**Task to complete:** Set the pictures aside and write down, exactly as they appear, the lines from the one containing "EVA材料質(zhì)量:每" through the end of the material.

**Dataset extract:**
________________________________________

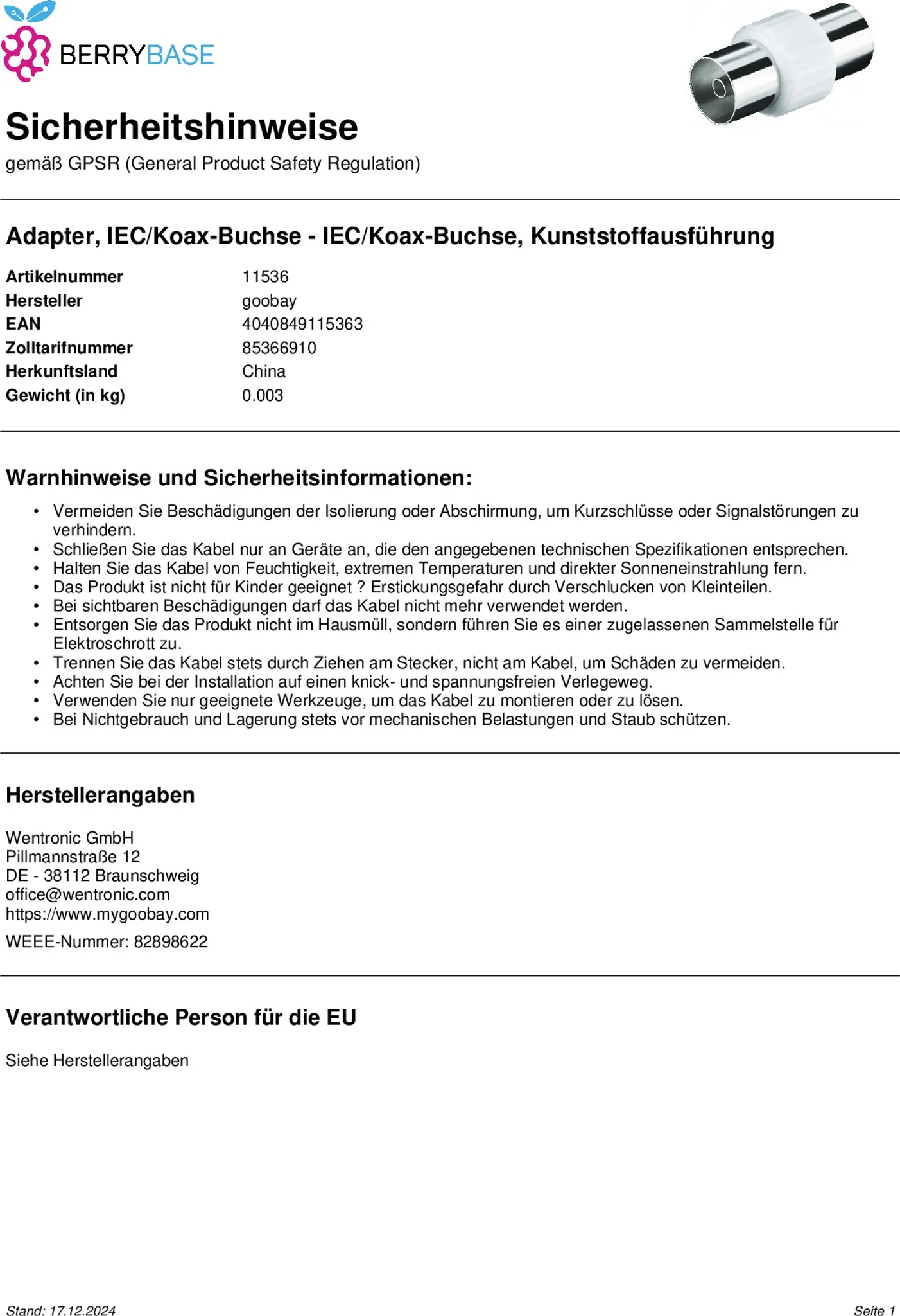 | Im Paket | 1 × Koax-Adapter (Koax-Buchse > Koax-Buchse) |
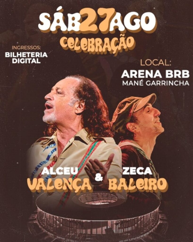 O show dos artistas, grandes nomes da música brasileira, promete. O evento Celebração marca o encontro de duas vozes emblemáticas da musicalidade em uma festa que terá vários clássicos do repertório de Alceu e Zeca.
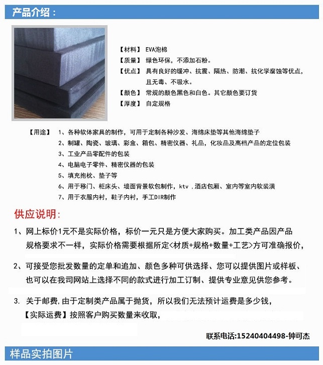 EVA材料質(zhì)量:每年我們廠都會(huì)拿材料去做SGS環(huán)保和出口檢測,材料質(zhì)量請(qǐng)放心,如需檢測報(bào)告,請(qǐng)聯(lián)系;15240404498
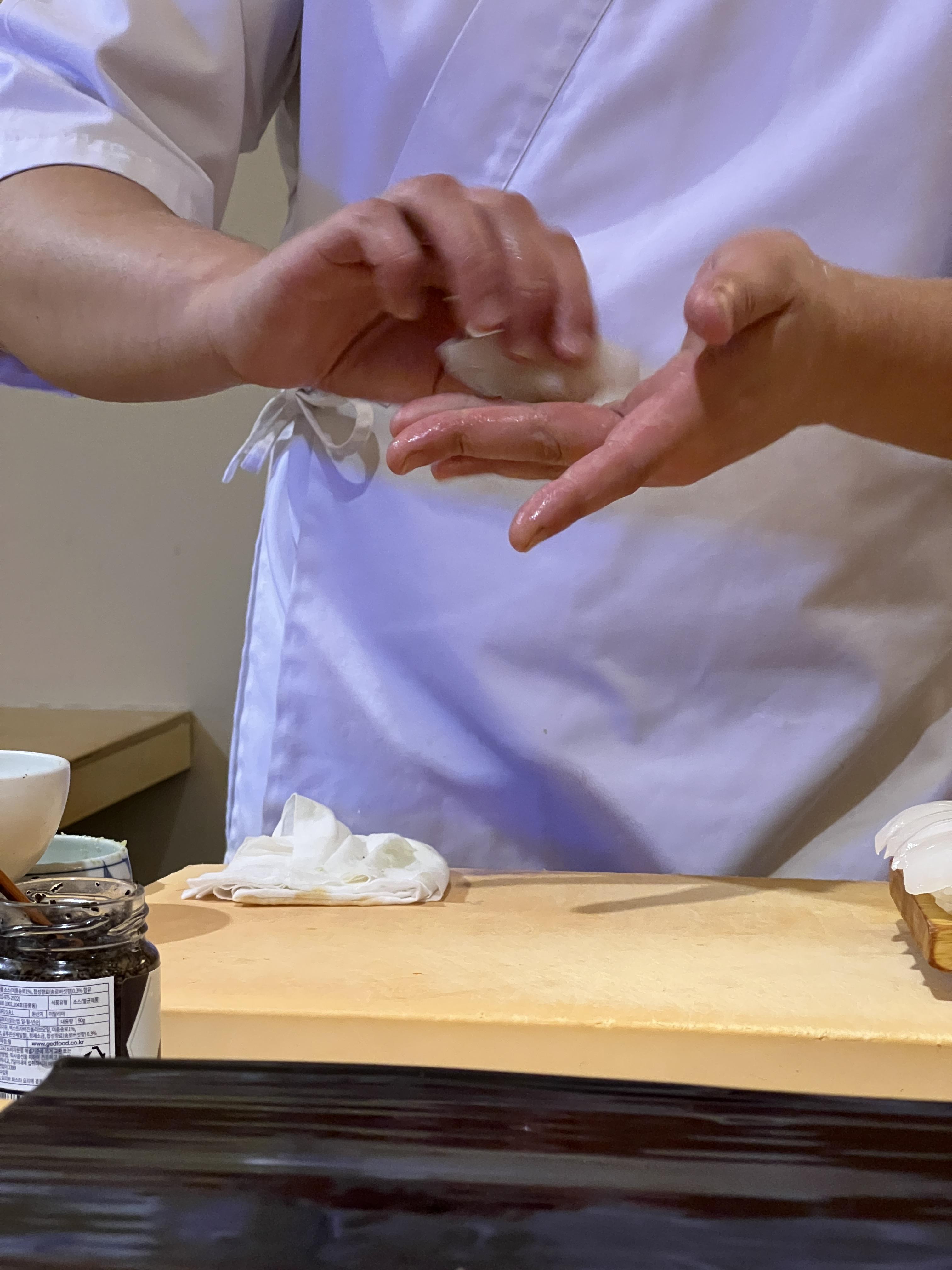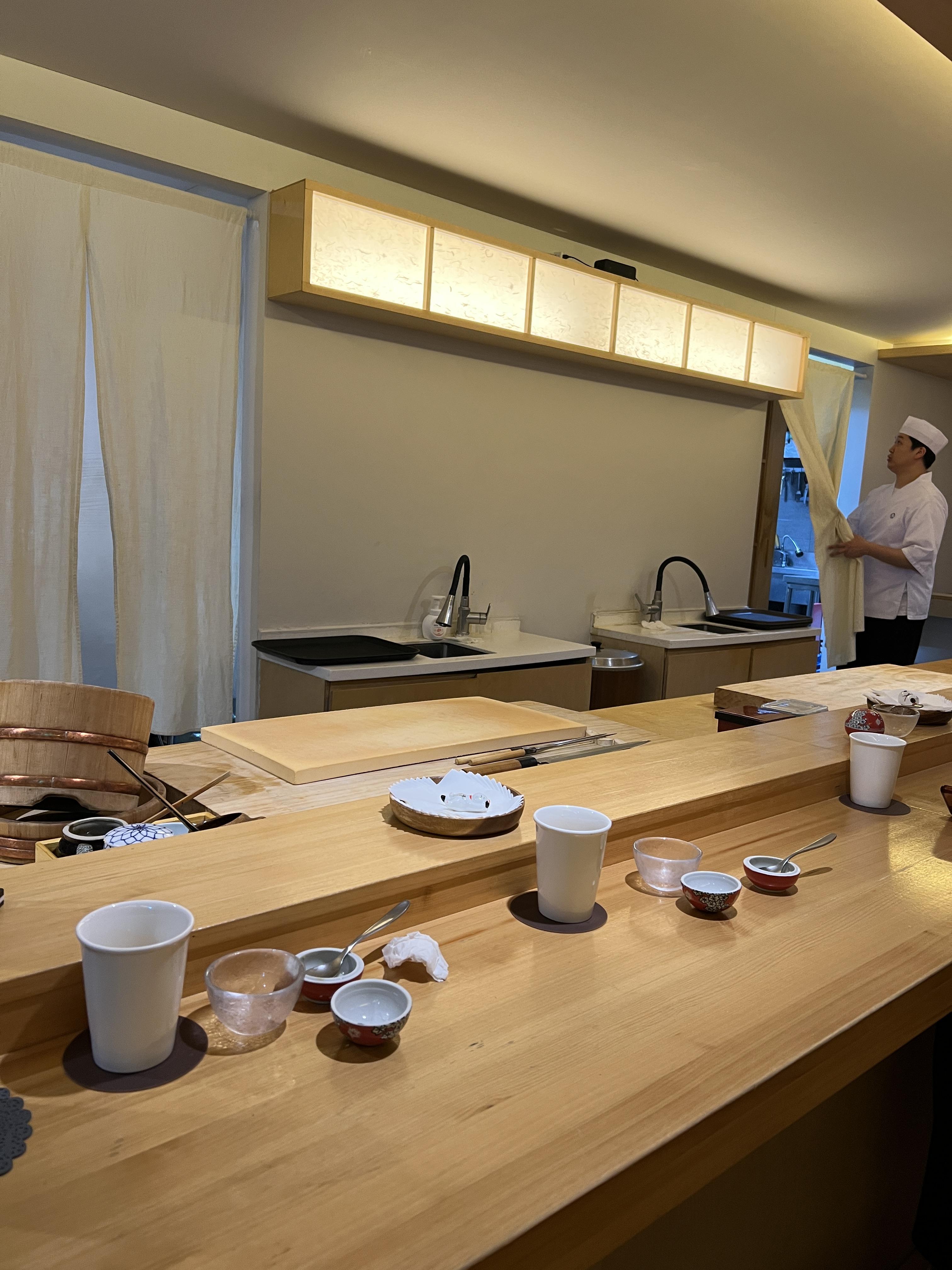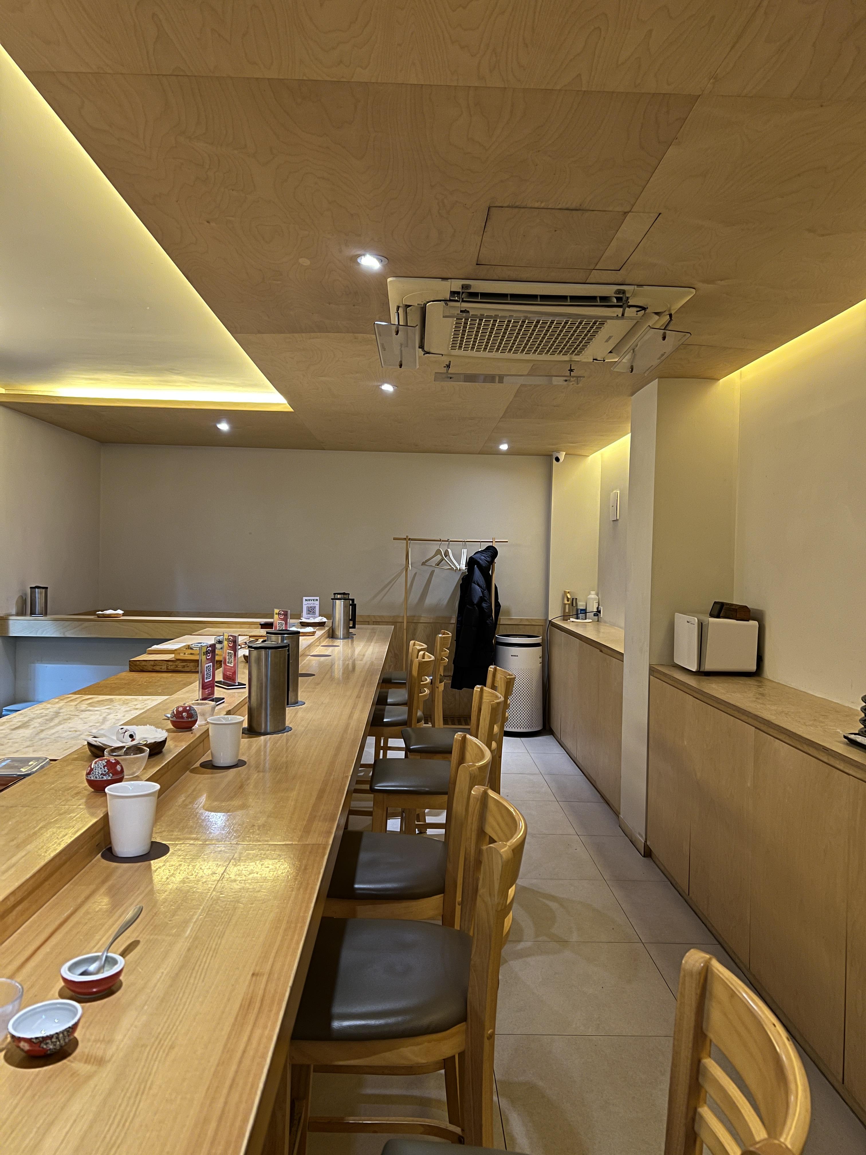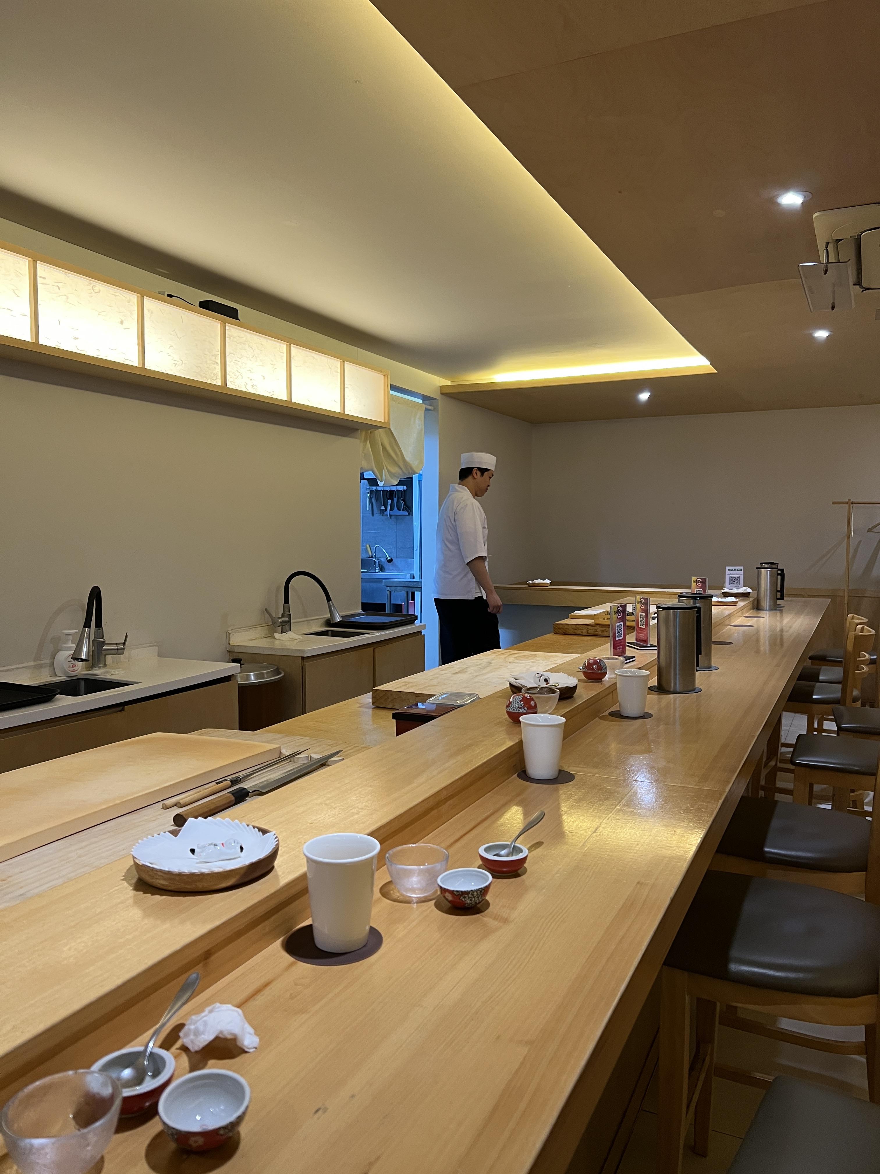 전체적으로 그냥 다찌에 쭉 둘러서 앉아서 먹는 형태이고, 한번에 약 12명, 셰프 두분이서 서빙을 해주신다.

________________________________________

**Written answer:**
 EVA材料質(zhì)量:每年我們廠都會(huì)拿材料去做SGS環(huán)保和出口檢測,材料質(zhì)量請(qǐng)放心,如需檢測報(bào)告,請(qǐng)聯(lián)系;15240404498
 전체적으로 그냥 다찌에 쭉 둘러서 앉아서 먹는 형태이고, 한번에 약 12명, 셰프 두분이서 서빙을 해주신다.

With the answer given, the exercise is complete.